At this point I believe he went on to become the greatest golf course designer of all time.
  • His first “real” design was in 1911 at Shawnee-On-The-Delaware. Tillie was a hands-on architect. He relied on inspirations from the moment and when it came to him, he would draw his ideas in the dirt. With his very flamboyant personality and his love of drinking, he was a very interesting man to work for. He would sit under a tree, bottle in hand, and call out directions to his workers as they shaped the course. No matter how he did it, he always found a way to create a magnificent golf course.
In the 20 years following his first official design, Tillie designed approximately 60 courses from scratch all over the country, with many located in the northeast. During that same time period he redesigned 60 more courses.
  • His most famous courses are the Upper and Lower Courses at Baltusrol Golf Club in Springfield, New Jersey. The “Old course” at Baltusrol had already held many international tournaments including two U.S. Opens. When Tillie was hired by Baltusrol to design another course, he decided to do a little more. He wanted to demolish the “Old course” and build two new courses. That’s exactly what he did. The Lower Course he designed has held four U.S. Opens, in 1954, 1967, 1980, and 1993. It has also held one PGA Championship in 2005 and will host it again in 2016. The Upper Course he designed held one U.S. Open in 1936 and one U.S. Women’s Open in 1985.
  • Other courses Ridgewood Country Club (27 holes), as well as Somerset Hills Golf Club, which is known to be one of his most interesting designs.
  • In southern New Jersey, he helped to redesign the current number one golf course in the world, Pine Valley Golf Club.
  • He also designed 16 golf courses in Westchester County alone!
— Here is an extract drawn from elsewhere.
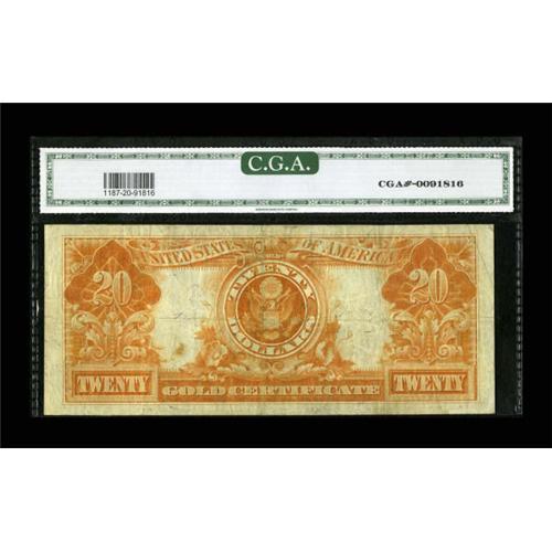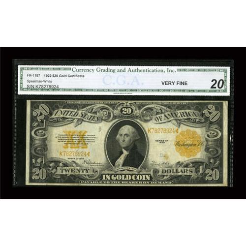 <B>Fr. 1187 $20 1922 Gold Certificate CGA Very Fine 20.</B></I> The overprint and back design remain bright and attractive.<BR><BR><b>Shipping:</b> Coins & Currency (<a target="_blank" href="http://www.heritageauctions.com/common/shipping.php">view shipping information</a>)

His most famous design in Westchester is Winged Foot Golf Club’s East and West courses. The West Course at Winged Foot has held five U.S. Opens, in 1929, 1959, 1974, 1984, and 2006. The East Course has also held two U.S. Women’s Opens, in 1957 and 1972.
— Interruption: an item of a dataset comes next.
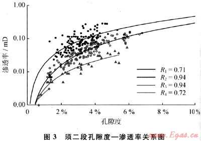 眾所周知,滲透率的大小主要取決于孔隙度的大小和孔隙的幾何形狀,通過對須二段大量的鑄體薄片觀察分類后,建立了與微裂縫發(fā)育程度有關(guān)的孔隙度與平均滲透率之間的關(guān)系(圖3),其中滲透性最好的是由黑色曲線代表,綠色曲線表示最為致密,橙紅色曲線表示在顯微鏡下可見孔隙連通性較差,未見或有極少微裂縫,喉道發(fā)育差;藍色曲線則代表有少許喉道或微裂縫連通,將測井曲線與之進行綜合標定后,可計算得到不同孔隙結(jié)構(gòu)及裂縫發(fā)育程度下的地層滲透率。

  • Other famous courses in Westchester include Quaker Ridge Golf Club, Scarsdale Golf Club, and Fenway Golf Club. On the west coast, his most famous design is the San Francisco Golf Club. Tillinghast designed other lesser known courses that have pretty remarkable layouts.
Tillinghast wasn’t exactly a family man. Despite having good relations with many people, he often had trouble relating to his family. His wife, Lillian, was often afraid of him. He would sometimes become short tempered due to his drinking. His grandson recalls one incident, “One night… Dadgan (Tillinghast), apparently drunk, was shouting and waving a pistol while Damee (Lillian, his wife) held his wrist and shouted back,”(Remembrances of My Grandfather). Tillie also had a habit of “taking off.” He would often leave home for short periods of time without giving a reason. He would come home without any announcement and go on living like nothing happened. After the crash of the stock market in the early 1930’s he lost pretty much everything. He often had to borrow money from his son-in-law to help support him and his wife.
Tillie faced health issues late in his life. He suffered from Arteriosclerosis in his legs. He had also been diagnosed with mild diabetes in 1936. Then in 1941, heart disease really took the life out of him. He stopped drinking and became less temperamental and during this time wasn’t a bad person to live with. It was at that point when he and his wife went to live with his oldest daughter, Marion, in Toledo, Ohio. Then on May 19, 1942, after suffering a second heart attack, he died at the age of 68. He lived an exhilarating life and will never be forgotten for the many remarkable golf courses he designed.